はじめに
以下のイベントに登壇します。
kinto-technologies.connpass.com
登壇するにあたって、何も情報なしで話すのに遠慮を感じたので、プロポーザルを書いてみようと思いました。
Overview
QAエンジニアがある一定のレベルになっていくと、テストの当事者だけでなく、プロダクト開発全体の改善を推進するための「変化の起点」となることが求められることがあります。
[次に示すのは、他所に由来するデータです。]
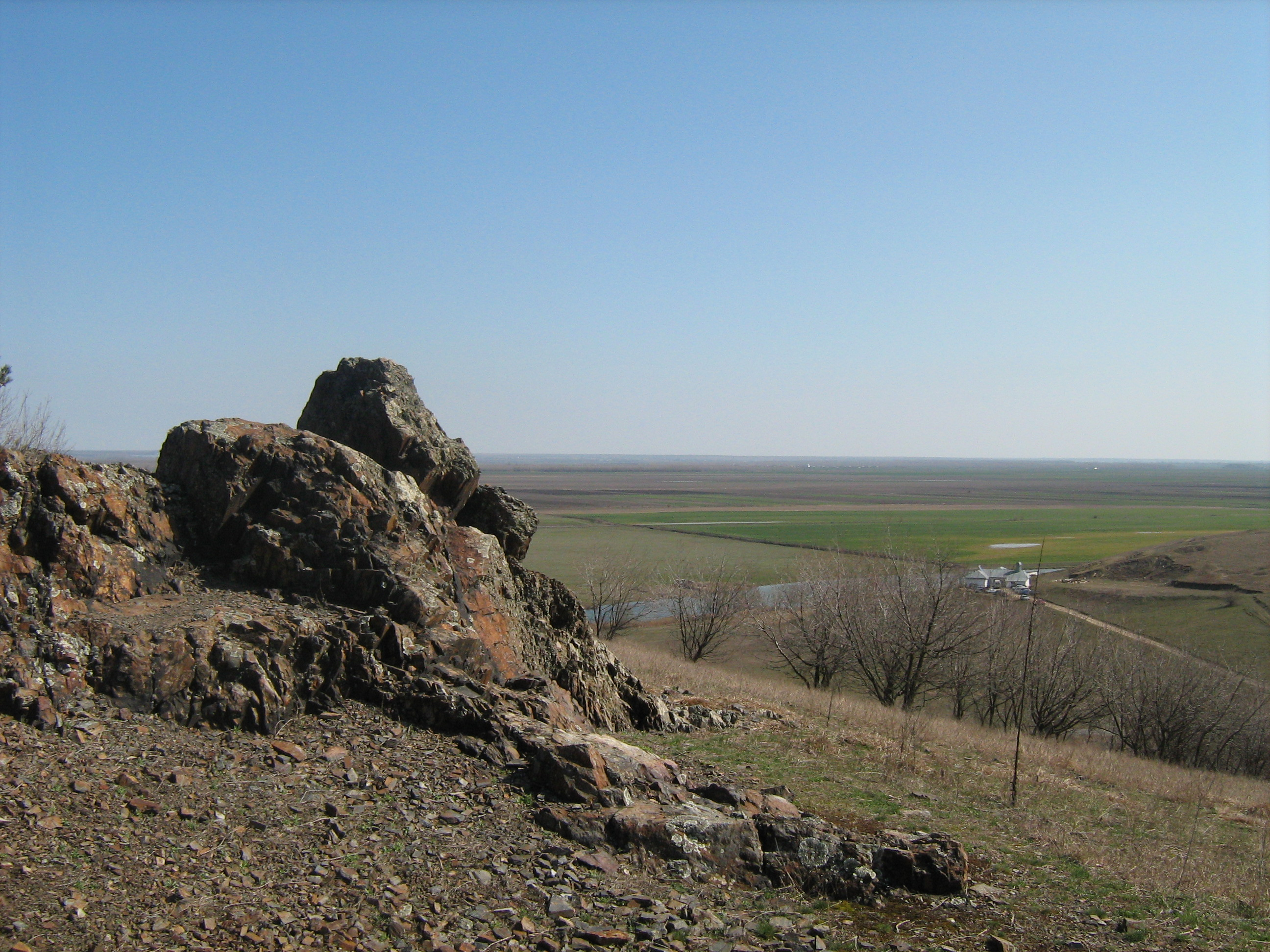 Dinogetia Church wiewed from Macin Mountains

私はこれまで、どのようにしてその役割を担えばよいのか悩むことがありました。
本セッションでは、「やまずん」が、ある組織に30人目のQAエンジニアとして入社し、変革をもたらそうとした行動とその心中について語ります。
このトークでは、変化に必要な影響力を得るために、あえて「強いQAエンジニア」を“演じる”という覚悟に至った経緯を深掘りします。
「信頼のためのマインドセット」「テスターとしての実力」「期待以上の貢献」という3つの柱を軸に、そういった”つよつよQA像”を構築するために用いた具体的な戦略や行動を共有します。
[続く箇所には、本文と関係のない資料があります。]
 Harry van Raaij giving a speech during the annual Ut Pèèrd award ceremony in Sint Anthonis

思い返すと、その道は決して平坦ではありませんでした。今でも坂道の真っ最中ですし、今後ローションぬるぬる坂になることもあるかもしれません。
そして、変化の担い手として自らを位置づけることで生じる、内面的な葛藤、不安、そして周囲からのネガティブな視線についても率直に探求します。
変化を起こしたいと願いながらも、その一歩を踏み出せずにいるすべての人に届けたいと思います。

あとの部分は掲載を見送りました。